→ **WORK TASK**
Each line of data below is to be returned exactly, leaving out any picture.

→ **SUPPLIED MATERIAL**
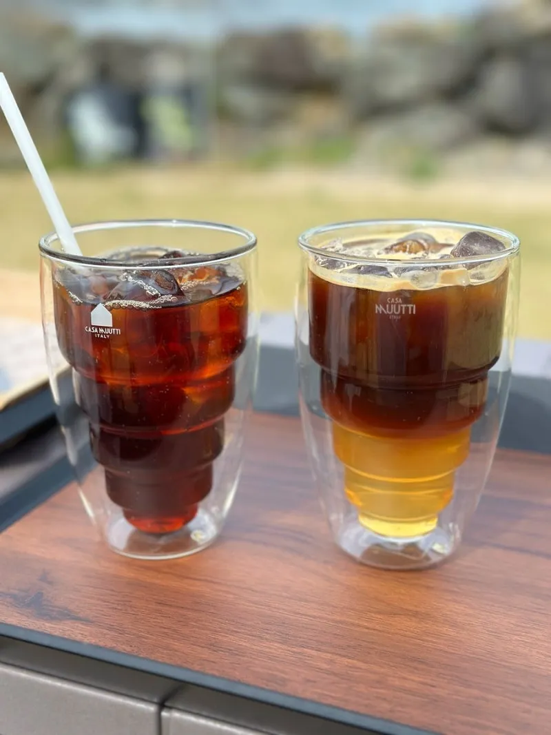 보통 아이스커피를 주문하면 잔에 물방울이 맺히곤 하는데 특수 제작한 컵이라서 그런지 물기가 전혀 없고 차가움이 온전히 보존되었어요.
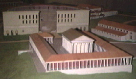 Im Vordergrund das Merkurheiligtum. Vom Theater aus konnte man bei herausgenommener Holzwand - wie in der Abbildung gezeigt - zusehen, wie vor dem Tempel geopfert wurde. Vom Tempel konnten Prozessionen zum Theater durchgeführt werden. Im Theater selbst erkennt man die keilförmige Anordnung der Sitzreihen und einen Treppenaufgang. Die Bühnenwand ist bis zum oberen abschließenden Umgang hochgezogen.
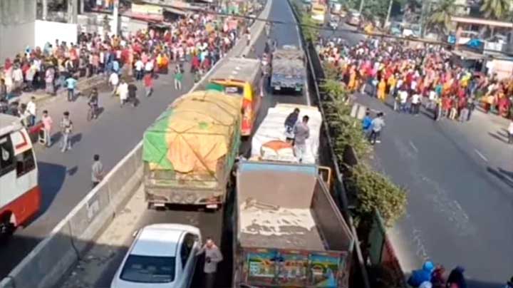 নাওজোড় হাইওয়ে থানার ভারপ্রাপ্ত কর্মকর্তা রইছ উদ্দিন জানান, চন্দ্রা এলাকায় একটি কারখানার শ্রমিকরা সড়ক অবরোধ করে রাখার কারণে মহাসড়কে যানবাহন চলাচল বন্ধ রয়েছে।

→ **TASK SOLUTION**
 보통 아이스커피를 주문하면 잔에 물방울이 맺히곤 하는데 특수 제작한 컵이라서 그런지 물기가 전혀 없고 차가움이 온전히 보존되었어요.
 Im Vordergrund das Merkurheiligtum. Vom Theater aus konnte man bei herausgenommener Holzwand - wie in der Abbildung gezeigt - zusehen, wie vor dem Tempel geopfert wurde. Vom Tempel konnten Prozessionen zum Theater durchgeführt werden. Im Theater selbst erkennt man die keilförmige Anordnung der Sitzreihen und einen Treppenaufgang. Die Bühnenwand ist bis zum oberen abschließenden Umgang hochgezogen.
 নাওজোড় হাইওয়ে থানার ভারপ্রাপ্ত কর্মকর্তা রইছ উদ্দিন জানান, চন্দ্রা এলাকায় একটি কারখানার শ্রমিকরা সড়ক অবরোধ করে রাখার কারণে মহাসড়কে যানবাহন চলাচল বন্ধ রয়েছে।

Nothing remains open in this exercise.